Learn Web Scraping the Fun Way by Building A Discord Bot

You know web scraping is a highly beneficial skill to have, it’s been on your list of things to learn for a very long time now.

What’s holding you back?

We both know the answer is the most elusive force in the universe called motivation.:slightly_smiling_face: While the simple but factual ‘it’s good for you’ usually has no bearing on us, by some lucky chance, we humans can be easily motivated by fun.

:robot: Let’s get the fun started with a Discord bot!

Before we get our hands dirty, I want to make it clear that while it seems like I’m complicating web-scraping by throwing in building a Discord bot. The bot is actually really simple to make thanks to the awesome Discord package.

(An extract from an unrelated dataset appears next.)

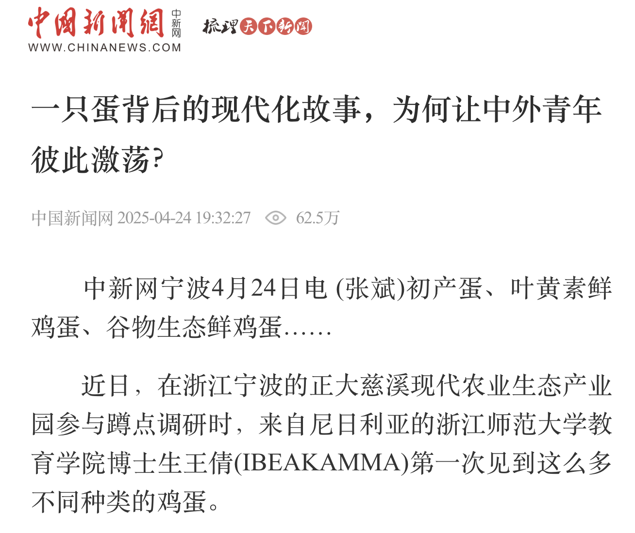 4月24日,中国新闻网、浙江新闻频道报道我院尼日利亚籍博士生王倩(IBEAKAMMA)参与“Hi China!我的中国故事”前期调研活动。她与浙江省“8090”和“00后”新时代理论宣讲团成员展开结对,围绕新质生产力,在宁波走访前湾新区、慈溪市并蹲点调研。

By the end of this post, we will have a live Discord bot that goes to the website and searches for us.

Bot Setup

What you need before setup:

  • A Discord account.
  • A Discord server. If you don’t already have one, it’s crazy easy to create and completely free. It’s like a group chat on steroids. :muscle:

The setup process is fairly straight forward, with only 3 steps:

  1. Create an application. Go to the Discord developer portal and sign in with your Discord account. Click the [New Application] button at the top right corner.

  1. Create a Bot. After the application is created, in the left panel, go to [ Bot] —it’s time to give your bot a name and an avatar! If you are like me — always spend too much time on a ‘cool name’ — don’t worry, you can always come back and change those settings.

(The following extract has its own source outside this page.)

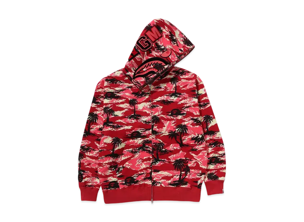 A BATHING APE Palm Tree Camo Relaxed Fit Shark Full Zip Hoodie "Red"

You don’t really need to worry about the bot configuration settings for now.

  1. Add the bot to a server. Click <OAuth2> on the sidebar and check the ‘bot’ box under <SCOPES >. After the box is checked, you will see <BOT PERMISSIONS > show up. It’s not terribly important for a first project, for now, we will just check all the boxes under <TEXT PERMISSIONS > and [View Channels] under <GENERAL PERMISSIONS>.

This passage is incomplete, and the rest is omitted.